- _PROVIDED DATA_:
=== Begin Enclosure ===

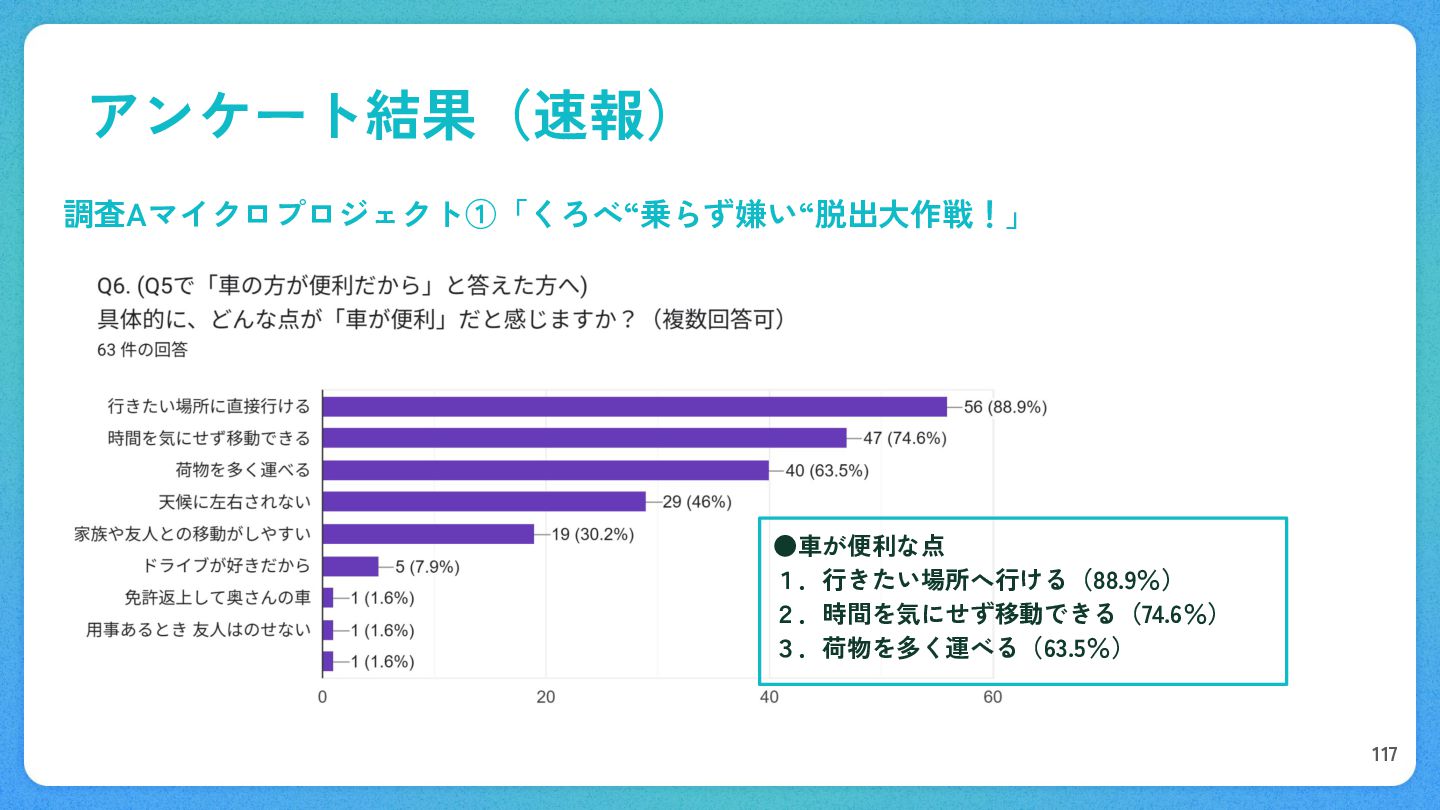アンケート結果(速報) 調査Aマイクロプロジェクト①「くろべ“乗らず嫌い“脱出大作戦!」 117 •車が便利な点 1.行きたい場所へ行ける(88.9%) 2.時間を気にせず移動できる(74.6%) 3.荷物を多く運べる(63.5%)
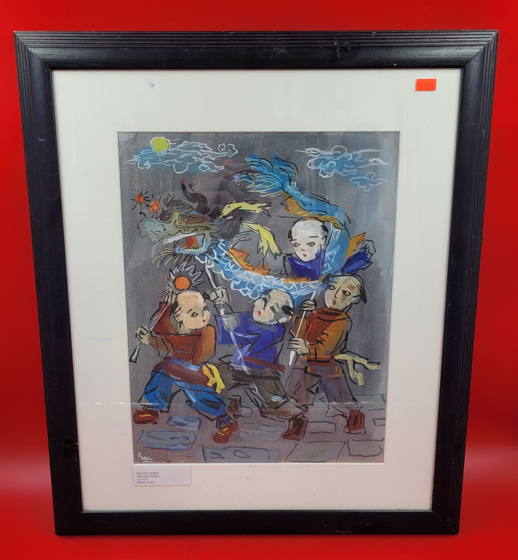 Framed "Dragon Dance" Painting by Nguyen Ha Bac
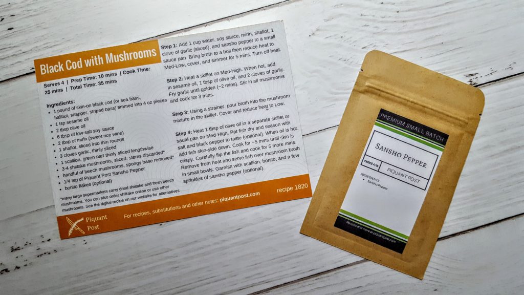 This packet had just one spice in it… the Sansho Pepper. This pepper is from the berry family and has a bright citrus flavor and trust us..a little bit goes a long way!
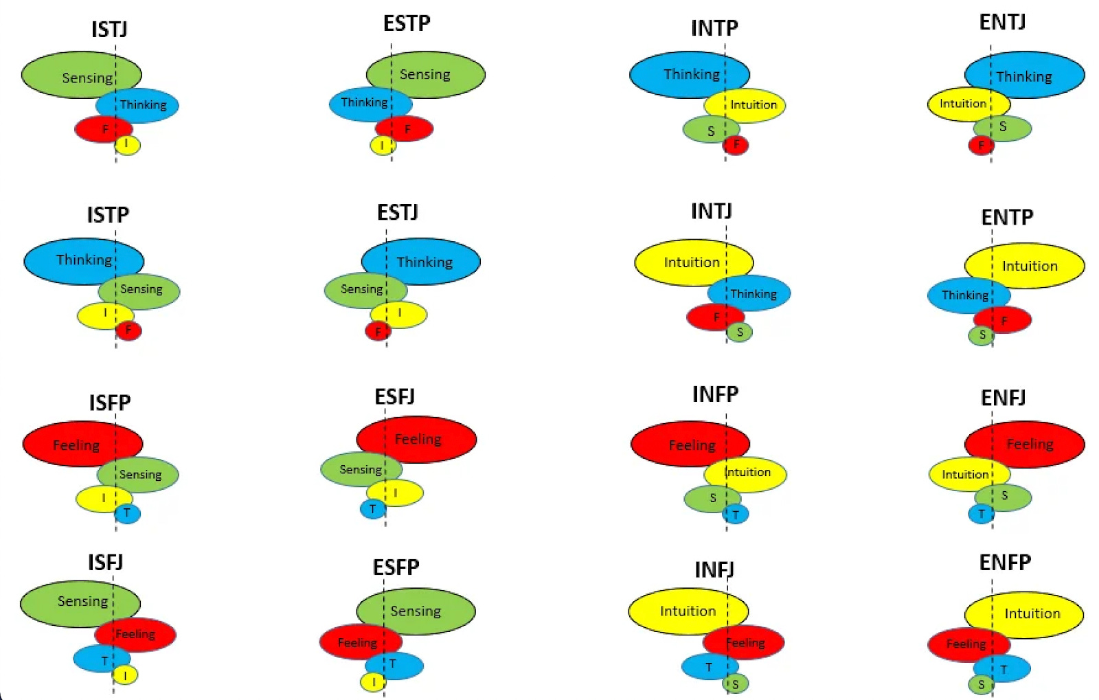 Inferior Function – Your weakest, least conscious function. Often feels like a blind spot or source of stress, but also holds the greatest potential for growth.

=== End Enclosure ===

- _AIM OF THE TASK_: If the listing above includes images, copy every line of it exactly except those images.

- _RESULT_:
アンケート結果(速報) 調査Aマイクロプロジェクト①「くろべ“乗らず嫌い“脱出大作戦!」 117 •車が便利な点 1.行きたい場所へ行ける(88.9%) 2.時間を気にせず移動できる(74.6%) 3.荷物を多く運べる(63.5%)
 Framed "Dragon Dance" Painting by Nguyen Ha Bac
 This packet had just one spice in it… the Sansho Pepper. This pepper is from the berry family and has a bright citrus flavor and trust us..a little bit goes a long way!
 Inferior Function – Your weakest, least conscious function. Often feels like a blind spot or source of stress, but also holds the greatest potential for growth.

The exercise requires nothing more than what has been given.